Zynischerweise soll dieser Klinik im September der diesjährige EU-Bürgerpreis für das Engagement gegen eine humanitäre Krise verliehen werden. Erst die Sparpolitik der EU hat die Einrichtung dieser Praxis notwendig gemacht.

„Gesundheits-, Bildungs- und Sozialpolitik müssen vor Schuldendienst stehen, deshalb fordern wir den Stopp der maßgeblich von der deutschen Regierung voran getriebenen tödlichen Austeritätspolitik”, sagt Dr. Wulf Dietrich, Vorsitzender des vdää. „Das Recht auf Gesundheit ist ein Menschenrecht, das gilt für alle Menschen”, ergänzt die Ärztin Dr. Angelika Claußen, die Europäische Präsidentin des IPPNW ist (Internationale Ärzte für die Verhütung des Atomkrieges, Ärzte in sozialer Verantwortung).

[Nach einem Hintergrundpapier von vdää und IPPNW]

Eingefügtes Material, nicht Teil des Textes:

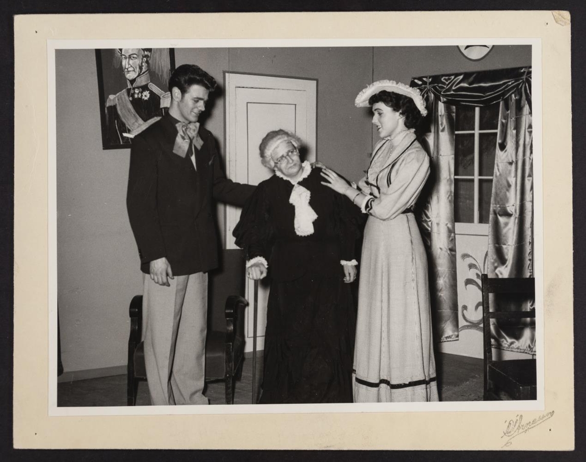 tvær konur í búningum. Yfirskrift greinarinnar með myndinni er: Leikfélag
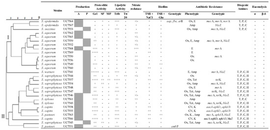 The technological properties were evaluated on the 28 staphylococci biotypes. Proteolytic and lipolytic are important activities for the sensory quality of fermented meat through release of various aromatic compounds and organic acids [20]. The proteolytic activity tested on three different protein sources was more evident on gelatin (71.4% of strains), especially by S. capitis strains. Only the 18% and 25% of strains showed weak proteolysis against sarcoplasmic or myofibrillar proteins, respectively. Contrary to our results, Cachaldora et al. [22] found higher proteolysis against myofibrillar and sarcoplasmic proteins and Landeta et al. [12] reported that only one CNS resulted positive to gelatinase activity assay. The lipolytic activity on tributyrin medium highlights a good activity (>1 mm of clear halo) in the 42.8% of the CNS strains analyzed, being S. equorum the less lipolytic strains (Figure 2). In contrast with our results, Jeong et al. [15] reported high tributyrin activity in S. equorum isolated from jeotgal, a Korean high-salt-fermented seafood, while Martin et al. [5] described S. xylosus and S. epidermidis, as the species showing high activity. Weak lipolytic activity on Tween 20, as lipid source, was observed only in two S. saprophyticus and one S. equorum strains (Figure 2). Similar results were found in a previous study [12] where none of the analyzed CNS strain were able to hydrolyze Tween 20.
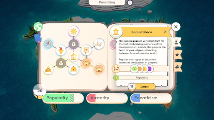 Humanity would always experience a compulsive need to believe in something bigger than ourselves. They would search for comfort in the darkness: the light that would enlighten their path in the shadows of millennia. For millions of people at all times this light used to be and still is faith. It was religion that became this guiding light which gave many people the meaning of their lives in this universe, helped them to hold out against the storms of changes and to come ashore of happiness. There are many religions in the world. Each of them gave its own response to the defiance of times and changes. But what other way could this process go? What other diversified and bizarre shapes did human beliefs take? The answers to these questions you will find in our new game. Create your own unique religion. Test if it can hold against the challenges of the times, the pressure of obstacles and bring the humanity together.
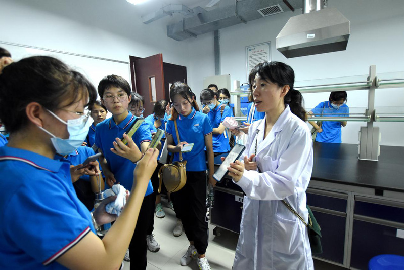 “高中时期没有机会接触太多实验仪器,第一次进入大学的实验室,我们不仅认识了XRD、气象色谱仪等陌生仪器,也了解到了一些仪器构成的硬件设备,进入实验室能拓展知识面、提升动手能力,一位学长介绍了正在进行的实验项目,为此他每天泡在实验室,这种沉浸知识海洋的精神值得我们新生学习”。
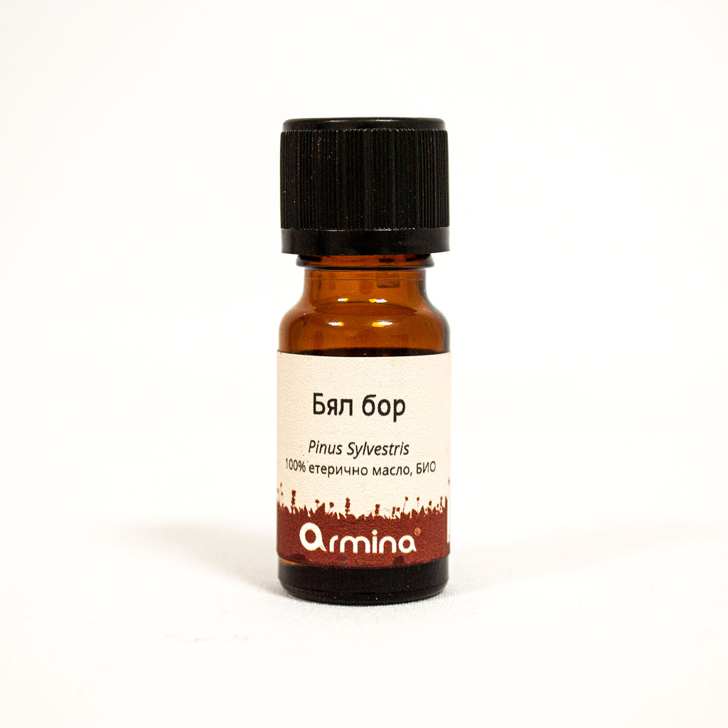 Етеричното масло от бял бор намалява последствията от напрежението и стреса. Има положително въздействие при проблеми с простатата, цистит и хепатит. Използва се за освежаване и ароматизиране на помещения, тъй като притежава свеж, горски аромат. Произведено е чрез парна дестилация на пъпките на бял бор.
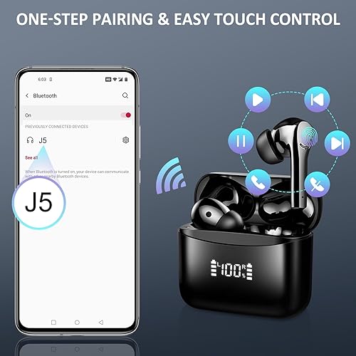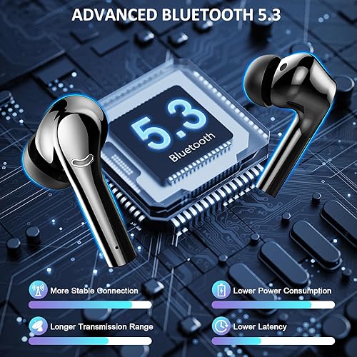 Bluetooth 5.3, Auto on/Connect, Touch Control, Wide Compatibility(Easy to use):Bluetooth 5.3 chip offers impeccable connection speed and stability so that there is no disconnection in listening to music or making phone calls. Also, the earbuds will connect automatically with the last paired device once you open the charging case. You can also control music, volume,or calls..by tapping on Bluetooth earbuds. Whether your phone is iOS or Android system, the earphones are easy to connect and operate

Der EU war die Rettung der Banken Billionen Euro wert, für die Behebung der sozialen Misstände in einem Mitgliedsland hat die Friedensnobelpreisträgerin keinen Pfifferling übrig.

Ergänzung:
(22.6.15) In Griechenland liegt die Durchschnittsrente nach Angaben der FAZ bei knapp 960 Euro. In Deutschland liegt sie Ende 2013 über West und Ost gemittelt bei 815 Euro.
Die Standardrente liegt in Griechenland bei rund 1100 Euro, das entspricht etwa 80% des Durchschnittslohns. In Deutschland liegt sie über West und Ost gemittelt mit 1237 Euro darüber, gemessen am Durchschnittslohn mit 48% aber klar darunter. Die Standardrente gibt an, wieviel ein Arbeitnehmer erhalten würde, der 45 Jahre lang ein Durchschnittsgehalt bezogen und in die Rentenversicherung eingezahlt hat.
Insgesamt gibt Griechenland 17,5% seines BIP für Renten aus, das ist mehr als die 13,2%, die EU-Staaten durchschnittlich ausgeben. (Das BIP steht im Nenner der Quote…)
Zu beachten ist, dass von den griechischen Renten oftmals ganze Familien leben, weil das „soziale Netz“ ansonsten schwach ausgestaltet ist.